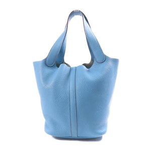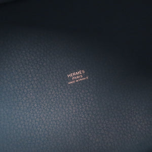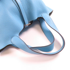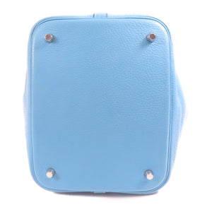 HERMES PHW Picotin MM Tote Bag Clemence Leather Stamp D P3 Bleu Du Nor Blue
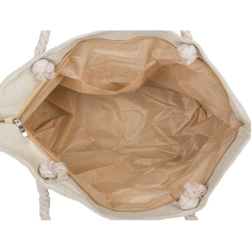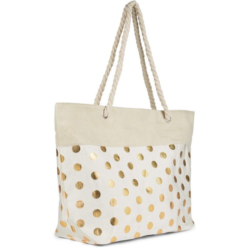 styleBREAKER's large beach bag with polka dot print in shiny metallic look and cord.
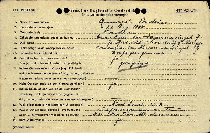Duikadres: Laude (Gem. Vlagtwedde) - Oorspronkelijk adres: Van Haersmasingel 7, Drachten - Reden onderduik: staking - Overige opmerkingen: Bijzondere opmerkingen: De laatste twee maanden was ik thuis ondergedoken.
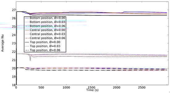 Figure 5 shows the temporal evolution of the average Nusselt number () on the outer wall of the tube for all the considered positions of the tube and the different concentrations of nanoparticles ( = 0, 0.03, and 0.06).
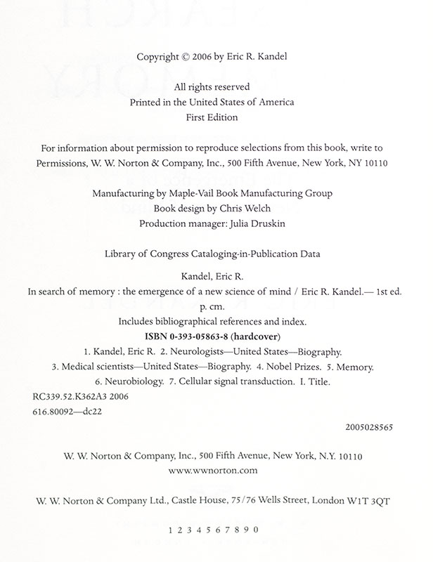 First edition of the scientist's autobiography which deals with the groundbreaking work on the biological process of memory, which earned him the Nobel Prize. Octavo, original half cloth. Presentation copy, inscribed by the author on the front free endpaper, "For Mayshan with best wishes Eric Kandel." Fine in a fine dust jacket.
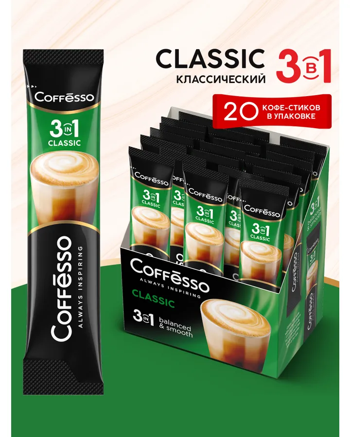 Кофе растворимый Coffesso Cappuccino 3в1 молотый 300г стик
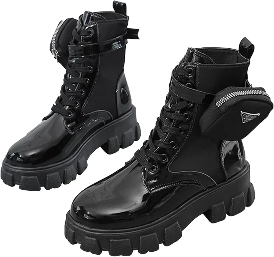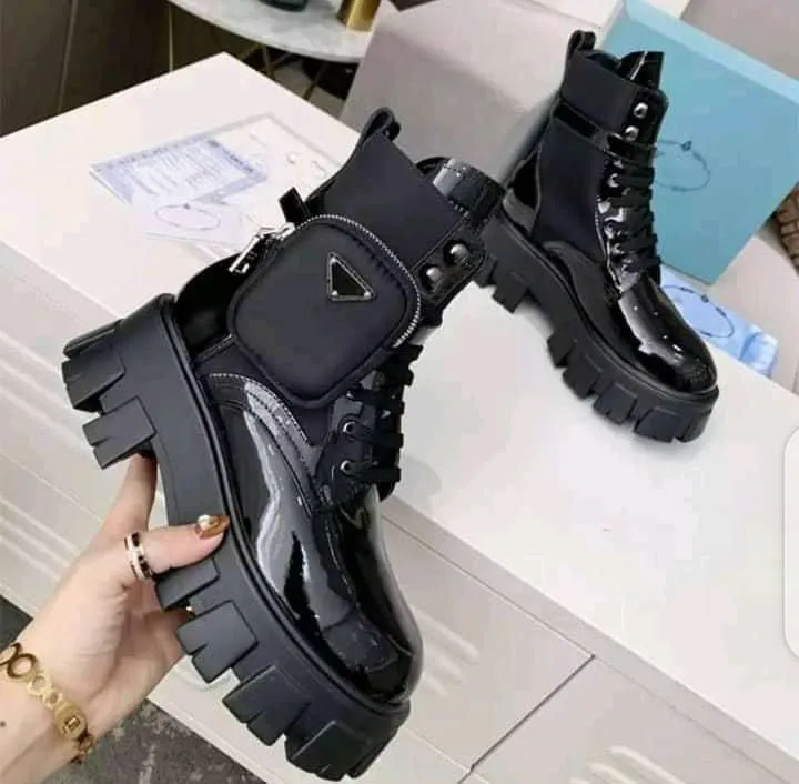 Prada Monolith Leather Combat Black Boots

Work request: Pictures should be skipped, and the records retyped word for word.

Answer space:
 HERMES PHW Picotin MM Tote Bag Clemence Leather Stamp D P3 Bleu Du Nor Blue
 styleBREAKER's large beach bag with polka dot print in shiny metallic look and cord.
Duikadres: Laude (Gem. Vlagtwedde) - Oorspronkelijk adres: Van Haersmasingel 7, Drachten - Reden onderduik: staking - Overige opmerkingen: Bijzondere opmerkingen: De laatste twee maanden was ik thuis ondergedoken.
 Figure 5 shows the temporal evolution of the average Nusselt number () on the outer wall of the tube for all the considered positions of the tube and the different concentrations of nanoparticles ( = 0, 0.03, and 0.06).
 First edition of the scientist's autobiography which deals with the groundbreaking work on the biological process of memory, which earned him the Nobel Prize. Octavo, original half cloth. Presentation copy, inscribed by the author on the front free endpaper, "For Mayshan with best wishes Eric Kandel." Fine in a fine dust jacket.
 Кофе растворимый Coffesso Cappuccino 3в1 молотый 300г стик
 Prada Monolith Leather Combat Black Boots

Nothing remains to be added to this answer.